LazyInverses provides a lazy wrapper for a matrix inverse, akin to Adjoint in Julia Base. See the README for example use cases.
A current highlight is the package's implementation of a type of energetic inner product (ternary dot product) for which a 7-fold increase in performance is observed compared to a naïve implementation.
Simply type ]
follwed by add LazyInverses
in the REPL.
The package exports two types Inverse
and PseudoInverse
,
and their corresponding "smart" constructors inverse
and pinverse
, which
return the lazy wrappers, unless the input is a number or a 1 x 1 matrix, in which case the inverse is returned directly.

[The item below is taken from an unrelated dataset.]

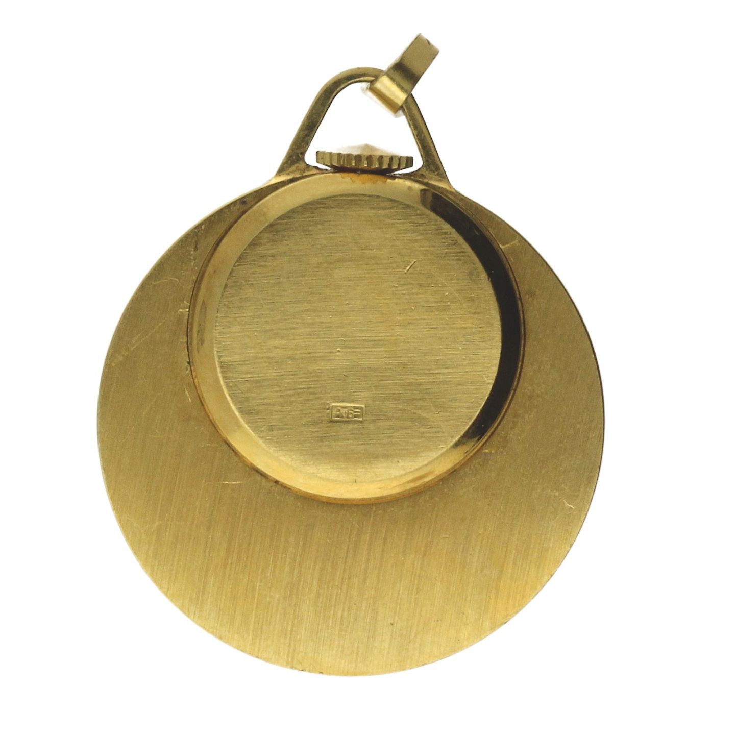 Damelommeur i urkasse af forgyldt metal med blå skive, stregindikation og central sekundviser. Manuel mekanisk urværk. Urkasse diameter ca. 30 mm.

This first example highlights the lazy behavior of inverse
, and contrasts it to inv
:
using LazyInverses
using LinearAlgebra
n = 1024
x = randn(n)
A = randn(n, n)
@time B = inv(A)
0.058023 seconds (5 allocations: 8.508 MiB)
@time C = inverse(A)
0.000003 seconds (1 allocation: 16 bytes)
A \ x ≈ C * x
true
A * x ≈ C \ x
true
In a number of important models, including any that rely on computations with a multivariate Normal distribution, it is necessary to compute a Mahalanobis norm with an inverse of a positive semi-definite matrix. In order to allow for a particularly efficient implementation of this operation, LazyInverses.jl extends the ternary dot product like so:
dot(::AbstractVector, ::Inverse{<:Number, <:Union{<:Cholesky, <:CholeskyPivoted}}, ::AbstractVector)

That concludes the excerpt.